Thankfully, a malicious user would only receive our users’ usernames, full names, and email addresses. Or would they?
The options
JSON input could also be maliciously modified:
{
users(search: "{\"email\": {\"$gte\": \"\"}}",
options: "{\"fields\": {}}") {
_id
username
fullname
email
}
}
By passing in their own fields
object, an attacker could overwrite the fields
specified by the server. This combination of search
and options
would return all fields (specified in the GraphQL schema) for all users in the system.

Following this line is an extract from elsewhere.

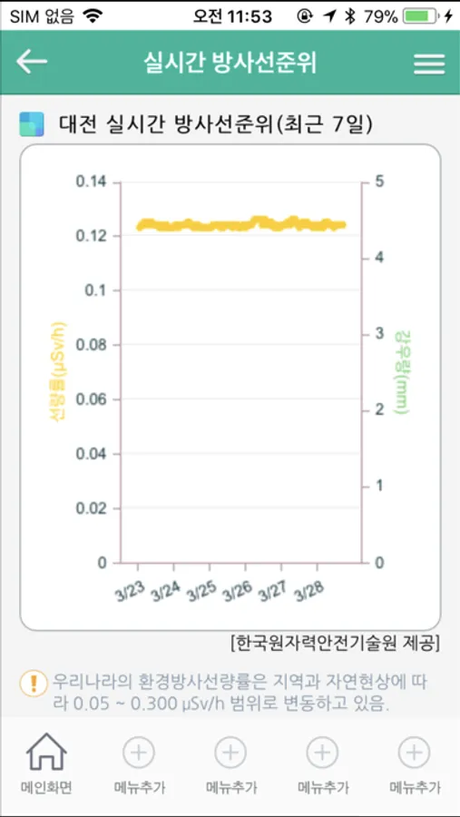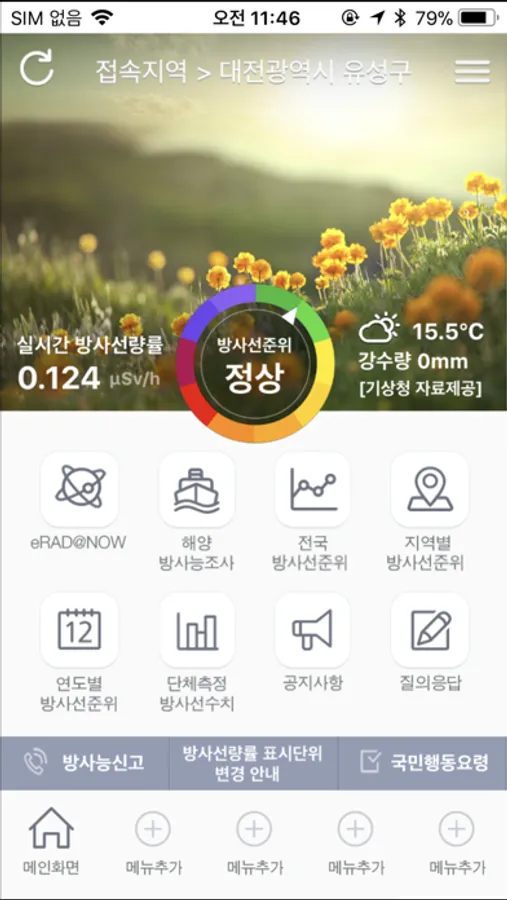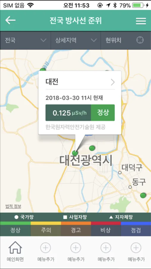 우리나라 전역의 실시간 환경방사능 수치와 안전도를 제공하고 환경방사선/능에 대한 국민안심과 원자력 안전의 국민신뢰 확보를 위해 제작되었습니다.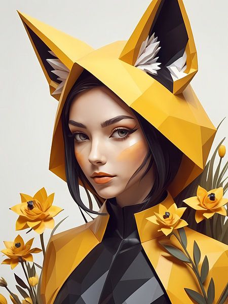 About ‘Low poly floral fox girl, black and yellow’ by 1xMerch

These fields might include sensitive information like their hashed passwords, session tokens, purchase history, etc…
Fixing the Vulnerability
In this case, and in most cases, the solution here is to be explicit about what we expect to receive from the client. Instead of receiving our flexible search
and options
objects from the client, we’ll instead ask for each field individually:
type Query {
users(fullname: String,
username: String,
email: String,
skip: Number!,
limit: Number!): [User]
}
By making the search fields (fullname
, username
, and email
) optional, the querying user can omit and of the fields they don’t wish to search on.

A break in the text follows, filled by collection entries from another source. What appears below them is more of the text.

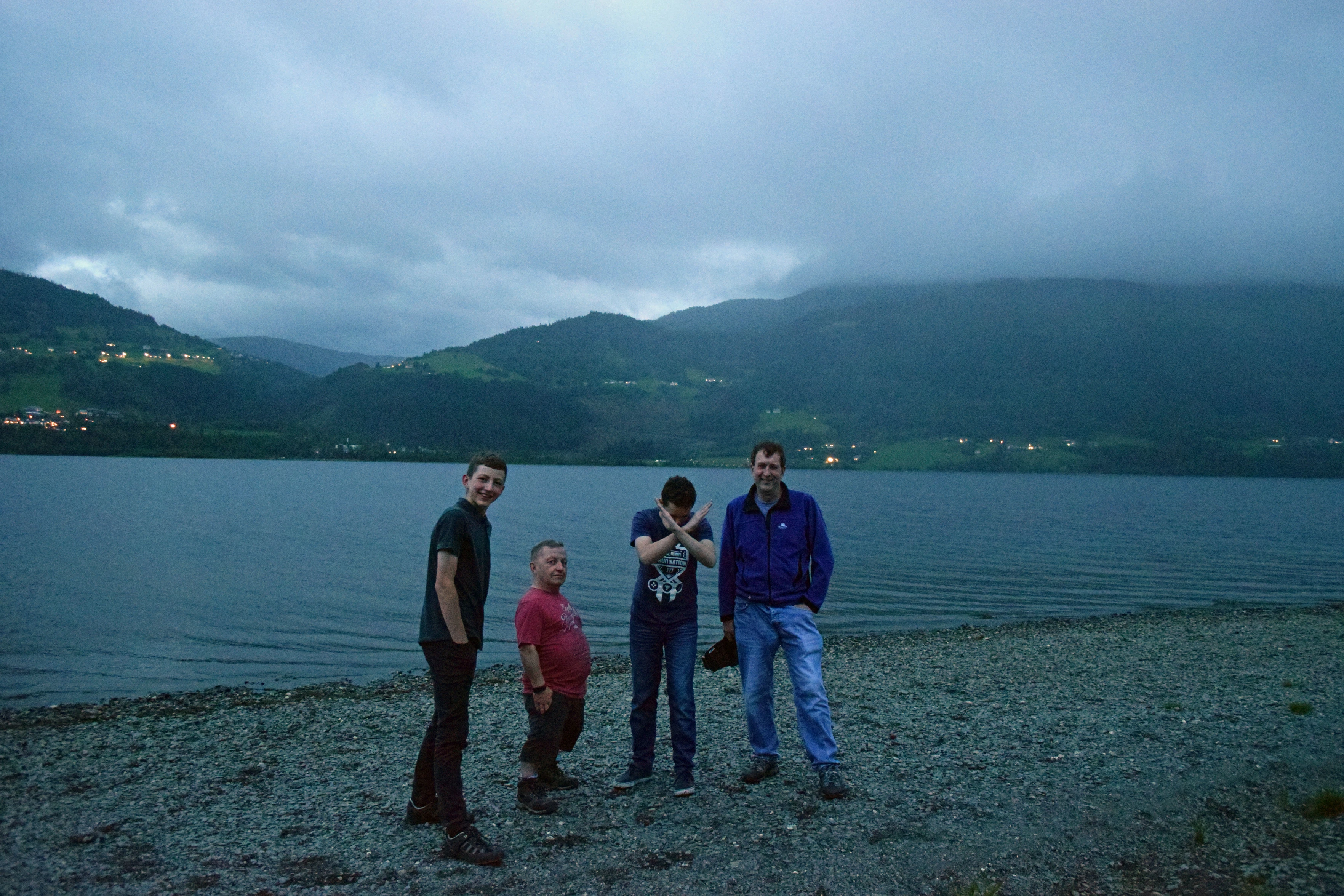 The group on the banks of Voss Lake at Voss youth hostel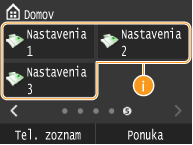 <Obľúbené nastavenia kopírovania> <Obľúbené nastavenia faxovania> <Obľúbené nastavenia skenovania>Zobrazí často používané nastavenia uložené pre jednotlivé funkcie kopírovania, faxovania a skenovania. <Kópia ID karty> je predom uložené pre <Nastavenia 1>. Uloženie často používaných nastavení kopírovania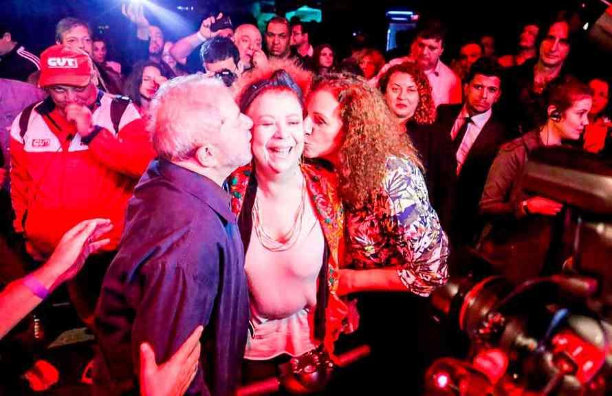 Lula e Jandira beijam a sambista Beth Carvalho, durante ato no Centro do Rio

Now we can update our resolver to account for this explicitness:
{
Query: {
users: (_root, args, _context) => {
let search = _.extend({}, args.fullname ? { fullname } : {},
args.username ? { username } : {},
args.email ? { email } : {});
return Users.find(search, {
fields: {
_id: 1,
username: 1,
fullname: 1,
email: 1
},
skip: args.skip,
limit: args.limit
});
}
}
}
If either fullname
, username
, or email
are passed into the query, we’ll add them to our query. We can safely dump this user-provided data into our query because we know it’s a String
at this point thanks to GraphQL.
Lastly, we’ll set skip
and limit
on our MongoDB query to whatever was passed in from the client. We can be confident that our fields
can’t possibly be overridden.
Final Thoughts
Custom scalar types, and the JSON scalar type specifically, aren’t all bad. As we discussed, they’re a powerful and important tool for building out your GraphQL schema.
However, when using JSON types, or any other sufficiently expressive custom scalar types, it’s important to remember to make assertions about the type and shape of user-provided data. If you’re assuming that the data passed in through a JSON field is a string, check that it’s a string.
If a more primitive GraphQL type, like a Number
fulfills the same functionality requirements as a JSON
type, even at the cost of some verbosity, use the primitive type.